It is easily verified that Ω* is positively invariant for the system.

One of our major tasks is to determine the trend of I(t) by studying model (2).

3 Equilibria

An equilibrium for a differential dynamical system is a state of the system that is unvaried over time. The first step to understanding a differential dynamical system is to figure out what equilibria it admits.
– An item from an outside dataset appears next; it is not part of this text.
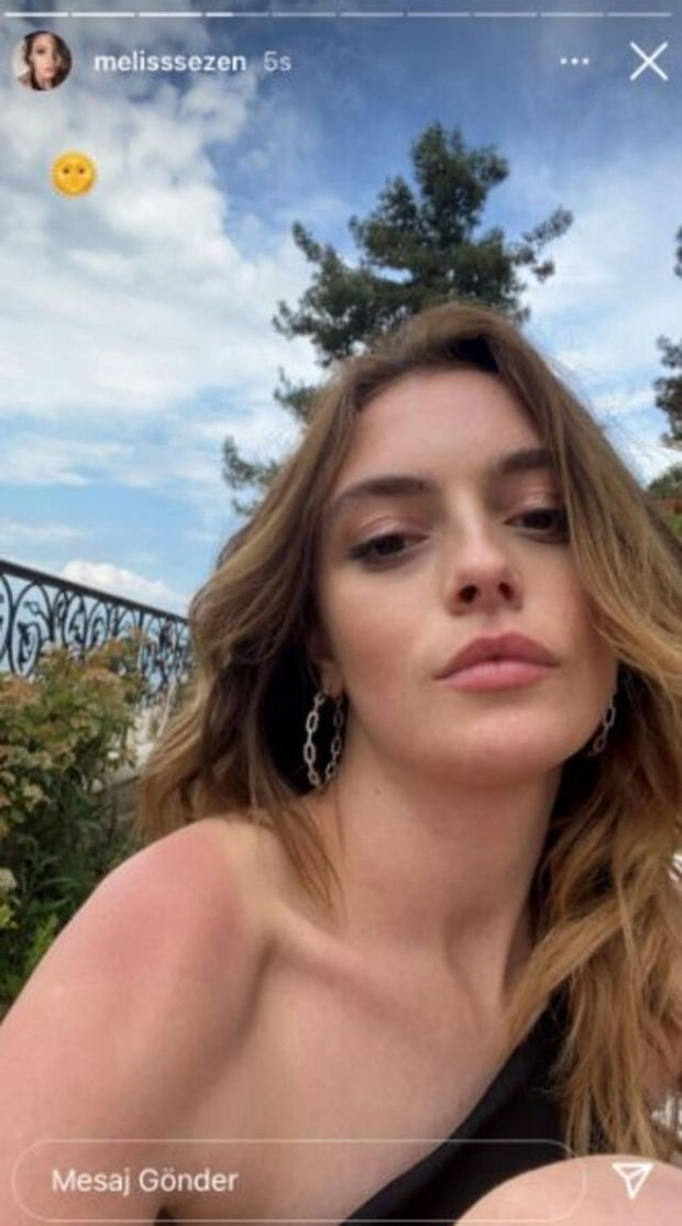 Beyaz tenli olan Melis Sezen’in güneşte biraz fazla kaldığı ve omuzunun ve tüm kolunun da kıpkırmızı olduğu fotoğrafında da görülüyor.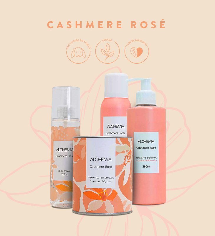 A linha Cashmere Rosé tem os mesmos atributos: produtos sem origem animal e livres de parabenos. Nessa linha, temos mousse de banho, body splash, sabonetes e hidratante corporal – esse último contém ácido hialurônico, que é um poderoso ativo para hidratação e fortalecimento da pele, ajudando a evitar a flacidez e o envelhecimento, pois estimula a produção de colágeno.

Now, let us pick out all equilibria of system (1). Let ${\widetilde{\mathbf{\text{E}}}}_1=(S_1^{*},I_1^{*},P_1^{*})$ , ${\widetilde{\mathbf{\text{E}}}}_2=(S_2^{*},I_2^{*},P_2^{*})$ , where $P_1^{*}=0$ , $P_2^{*}=\frac{\mu }{\delta }-\frac{\alpha +\delta }{{\gamma }_1}$ ,

$$\begin{array}{c}\hfill S_1^{*}=\frac{\mu }{2\delta }-\frac{1}{2{\beta }_1}\sqrt{{({\beta }_2+{\gamma }_2+\delta -\frac{{\beta }_1\mu }{\delta })}^2+\frac{4{\beta }_1{\beta }_2\mu }{\delta }}+\frac{1}{2{\beta }_1}({\beta }_2+{\gamma }_2+\delta ),\end{array}$$

$$\begin{array}{c}\hfill I_1^{*}=\frac{\mu }{2\delta }+\frac{1}{2{\beta }_1}\sqrt{{({\beta }_2+{\gamma }_2+\delta -\frac{{\beta }_1\mu }{\delta })}^2+\frac{4{\beta }_1{\beta }_2\mu }{\delta }}-\frac{1}{2{\beta }_1}({\beta }_2+{\gamma }_2+\delta ),\end{array}$$

$$\begin{array}{ccc}\hfill S_2^{*}& =& \frac{\alpha +\delta }{2{\gamma }_1}-\frac{1}{2{\beta }_1}\sqrt{{({\beta }_2+{\gamma }_2+\frac{{\gamma }_1\mu }{\delta }-\alpha -\frac{{\beta }_1(\alpha +\delta )}{{\gamma }_1})}^2+\frac{4{\beta }_1{\beta }_2(\alpha +\delta )}{{\gamma }_1}}\hfill \\ & & +\frac{1}{2{\beta }_1}({\beta }_2+{\gamma }_2+\frac{{\gamma }_1\mu }{\delta }-\alpha -\frac{{\beta }_1(\alpha +\delta )}{{\gamma }_1}),\hfill \end{array}$$

and

$$\begin{array}{ccc}\hfill I_2^{*}& =& \frac{\alpha +\delta }{2{\gamma }_1}+\frac{1}{2{\beta }_1}\sqrt{{({\beta }_2+{\gamma }_2+\frac{{\gamma }_1\mu }{\delta }-\alpha -\frac{{\beta }_1(\alpha +\delta )}{{\gamma }_1})}^2+\frac{4{\beta }_1{\beta }_2(\alpha +\delta )}{{\gamma }_1}}\hfill \\ & & -\frac{1}{2{\beta }_1}({\beta }_2+{\gamma }_2+\frac{{\gamma }_1\mu }{\delta }-\alpha -\frac{{\beta }_1(\alpha +\delta )}{{\gamma }_1}).\hfill \end{array}$$

Theorem 3.1. Consider system (1).

1. There is a unique equilibrium, ${\widetilde{\mathbf{\text{E}}}}_1$ , if $\frac{\mu }{\delta }\le \frac{\alpha +\delta }{{\gamma }_1}$ .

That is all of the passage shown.